EXERCISE GOAL: Here is a set of records. Copy them all exactly.
BEGIN DATASET
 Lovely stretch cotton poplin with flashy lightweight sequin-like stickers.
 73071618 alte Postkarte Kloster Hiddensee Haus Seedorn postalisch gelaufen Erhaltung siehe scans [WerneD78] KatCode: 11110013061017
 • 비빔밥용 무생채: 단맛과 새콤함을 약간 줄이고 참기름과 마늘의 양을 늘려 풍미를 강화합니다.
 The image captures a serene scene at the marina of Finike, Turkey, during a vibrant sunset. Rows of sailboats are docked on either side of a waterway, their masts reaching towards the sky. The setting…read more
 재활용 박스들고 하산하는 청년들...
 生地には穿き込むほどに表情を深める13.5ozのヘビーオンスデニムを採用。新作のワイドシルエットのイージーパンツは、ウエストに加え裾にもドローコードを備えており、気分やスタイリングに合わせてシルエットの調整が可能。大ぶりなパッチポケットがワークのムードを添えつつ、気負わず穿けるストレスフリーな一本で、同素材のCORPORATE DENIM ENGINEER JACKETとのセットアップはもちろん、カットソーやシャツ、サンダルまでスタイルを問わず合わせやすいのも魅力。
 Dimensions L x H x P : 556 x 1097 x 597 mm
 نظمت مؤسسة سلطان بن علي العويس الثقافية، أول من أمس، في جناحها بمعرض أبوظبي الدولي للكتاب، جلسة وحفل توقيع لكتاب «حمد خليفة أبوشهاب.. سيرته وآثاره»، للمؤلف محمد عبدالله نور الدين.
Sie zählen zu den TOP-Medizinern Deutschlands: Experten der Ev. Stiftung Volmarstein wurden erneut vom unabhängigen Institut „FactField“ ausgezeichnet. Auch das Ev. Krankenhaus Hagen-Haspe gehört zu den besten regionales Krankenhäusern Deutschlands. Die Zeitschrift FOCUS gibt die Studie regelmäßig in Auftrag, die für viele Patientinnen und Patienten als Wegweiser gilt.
END DATASET
EXERCISE OUTPUT:
 Lovely stretch cotton poplin with flashy lightweight sequin-like stickers.
 73071618 alte Postkarte Kloster Hiddensee Haus Seedorn postalisch gelaufen Erhaltung siehe scans [WerneD78] KatCode: 11110013061017
 • 비빔밥용 무생채: 단맛과 새콤함을 약간 줄이고 참기름과 마늘의 양을 늘려 풍미를 강화합니다.
 The image captures a serene scene at the marina of Finike, Turkey, during a vibrant sunset. Rows of sailboats are docked on either side of a waterway, their masts reaching towards the sky. The setting…read more
 재활용 박스들고 하산하는 청년들...
 生地には穿き込むほどに表情を深める13.5ozのヘビーオンスデニムを採用。新作のワイドシルエットのイージーパンツは、ウエストに加え裾にもドローコードを備えており、気分やスタイリングに合わせてシルエットの調整が可能。大ぶりなパッチポケットがワークのムードを添えつつ、気負わず穿けるストレスフリーな一本で、同素材のCORPORATE DENIM ENGINEER JACKETとのセットアップはもちろん、カットソーやシャツ、サンダルまでスタイルを問わず合わせやすいのも魅力。
 Dimensions L x H x P : 556 x 1097 x 597 mm
 نظمت مؤسسة سلطان بن علي العويس الثقافية، أول من أمس، في جناحها بمعرض أبوظبي الدولي للكتاب، جلسة وحفل توقيع لكتاب «حمد خليفة أبوشهاب.. سيرته وآثاره»، للمؤلف محمد عبدالله نور الدين.
Sie zählen zu den TOP-Medizinern Deutschlands: Experten der Ev. Stiftung Volmarstein wurden erneut vom unabhängigen Institut „FactField“ ausgezeichnet. Auch das Ev. Krankenhaus Hagen-Haspe gehört zu den besten regionales Krankenhäusern Deutschlands. Die Zeitschrift FOCUS gibt die Studie regelmäßig in Auftrag, die für viele Patientinnen und Patienten als Wegweiser gilt.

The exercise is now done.